QtROでは、プロパティを持たないソースや、戻り値を持つスロットとして、このRPCスタイルの動作を実装することが可能ですが、QtROは、処理が本当にリモートであるという事実を隠しています。QObject自分でReplicaを作成する代わりにノードからReplicaを取得し、ステータスシグナル(isReplicaValid() )を使用することができます。
使用例GPS
全地球測位システム(GPS)受信機のようなセンサーを考えてみましょう。QtROの用語では
- ソースは、GPS ハードウェアと直接やりとりし、現在位置を取得するプロセスです。
- 位置情報は、QObject プロパティとして公開されます。位置情報が定期的に更新されると、これらのプロパティが更新され、変更されたシグナルが発信されます。
- レプリカは他のプロセスで作成され、常に現在地を知ることができますが、センサーデータから位置を計算するロジックは必要ありません。
- Replicaのロケーション変更シグナルに接続することで、期待通りに動作する。ソースから発信されたシグナルが、全てのReplicaのシグナル発信のトリガーとなる。
使用例プリンタへのアクセス
プリンタへのアクセスを提供するサービスを考えてみましょう。QtROの用語では
- ソースは、プリンタを直接制御するプロセスである。
- インク残量とプリンタの状態は、QObject プロパティで監視されます。これらのプロパティの更新は、プロパティの変更シグナルを発信します。
- 重要な機能である印刷機能は、プリンターに返される必要があります。ちなみに、これはQtスロットの仕組みと一致しており、QtROはレプリカがソースを呼び出す方法として使用しています。事実上、プロパティとシグナルはソースからレプリカへ、スロットはレプリカからソースへ送られます。

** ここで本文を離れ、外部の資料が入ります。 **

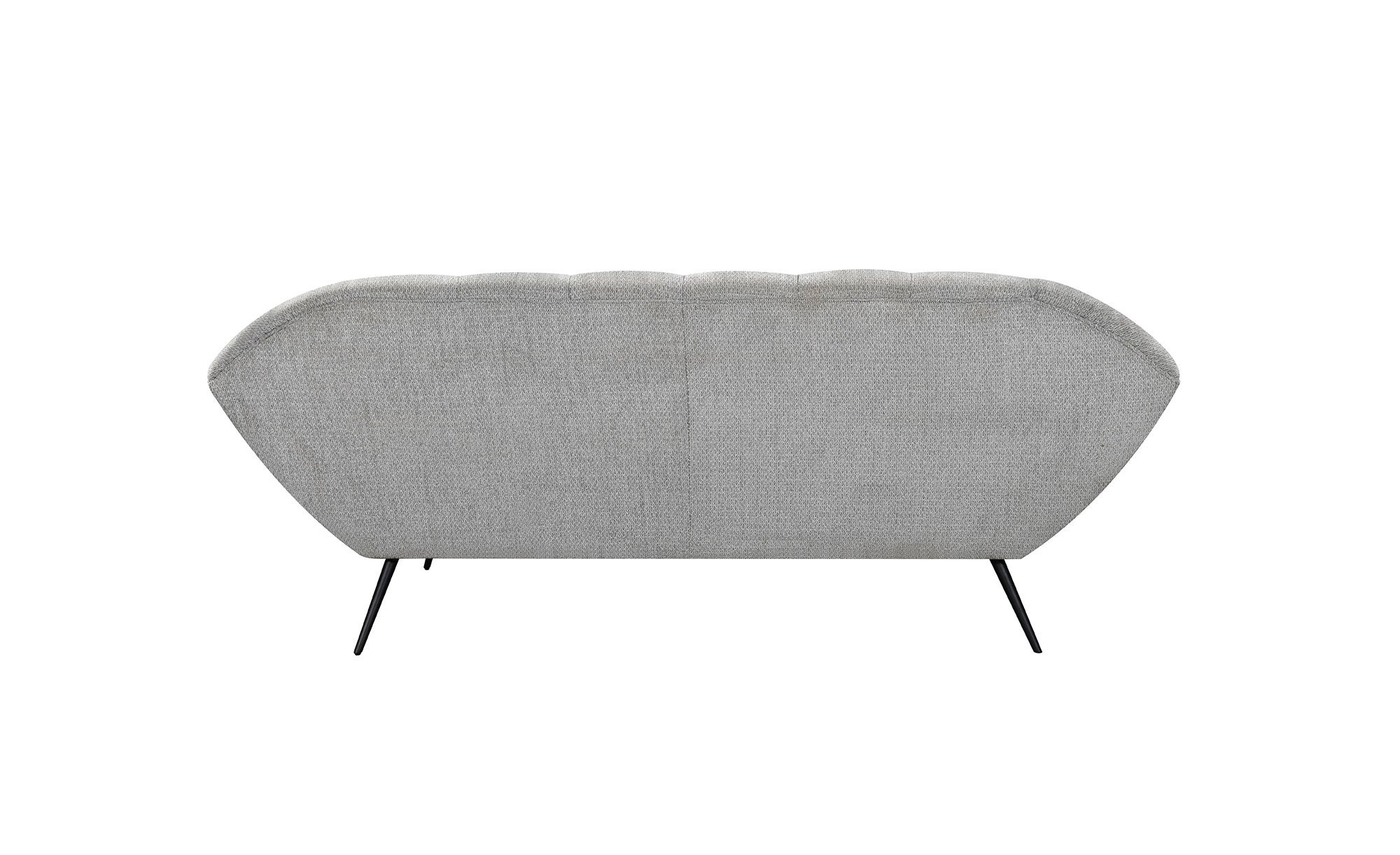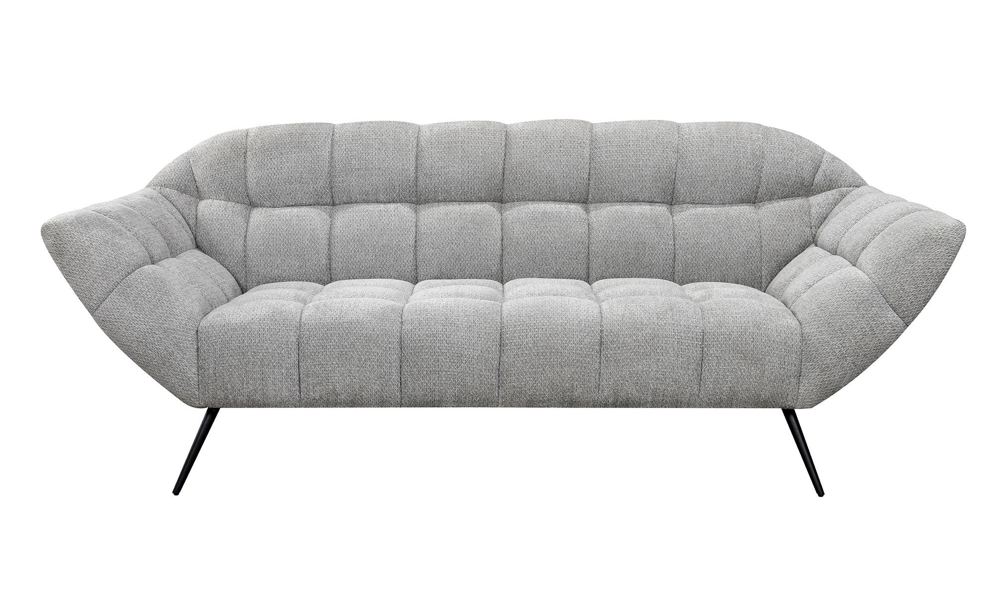 Dem ca. 221 x 85 x 85 cm großen Möbelstück ist sein besonderer Komfort auf den ersten Blick anzusehen. Ein weicher Stoff-Bezug aus 100 % Polyester in Grau umschließt den Artikel inklusive seines Rückens und sorgt somit für zahlreiche Stellmöglichkeiten. Die ca. 20 cm hohen Füße aus schwarzem Stahl runden das Bild gemeinsam mit einer modernen Steppung ideal ab.

- 印刷要求が受理されると、プリンタのステータスが変更され、statusプロパティが変更されます。これはすべてのレプリカに報告されます。
モジュールの使用
Qtモジュールを使用するには、モジュールライブラリに対して直接、または他の依存関係を通してリンクする必要があります。CMakeや qmakeなど、いくつかのビルドツールはこのための専用サポートを持っています。
CMakeでビルドする
find_package()
コマンドを使って、Qt6
パッケージの中から必要なモジュールコンポーネントを探します:
find_package(Qt6 REQUIRED COMPONENTS RemoteObjects)
CMakeによるビルドの概要も参照してください。
qmakeによるビルド
モジュールをqmakeでビルドするように設定するには、プロジェクトの.proファイルにQT
変数の値としてモジュールを追加します:
QT += remoteobjects
記事とガイド
- Qt リモートオブジェクトを始める
- ノード
- ソース
- レプリカ
- レジストリ
- カスタムトランスポートの使用
- コンパイラ
- リモート・オブジェクトの相互作用
- トラブルシューティング
- プロトコルのバージョン管理
- 例
APIリファレンス
ライセンス
Qt Remote Objects は、The Qt Company の商用ライセンスでご利用いただけます。また、GNU Lesser General Public License, version 3 またはGNU General Public License, version 2 の下でも利用可能です。詳細はQt ライセンスを参照してください。
本ドキュメントに含まれる文書の著作権は、それぞれの所有者に帰属します。 本書で提供されるドキュメントは、Free Software Foundation が発行したGNU Free Documentation License version 1.3に基づいてライセンスされています。 Qtおよびそれぞれのロゴは、フィンランドおよびその他の国におけるThe Qt Company Ltd.の 商標です。その他すべての商標は、それぞれの所有者に帰属します。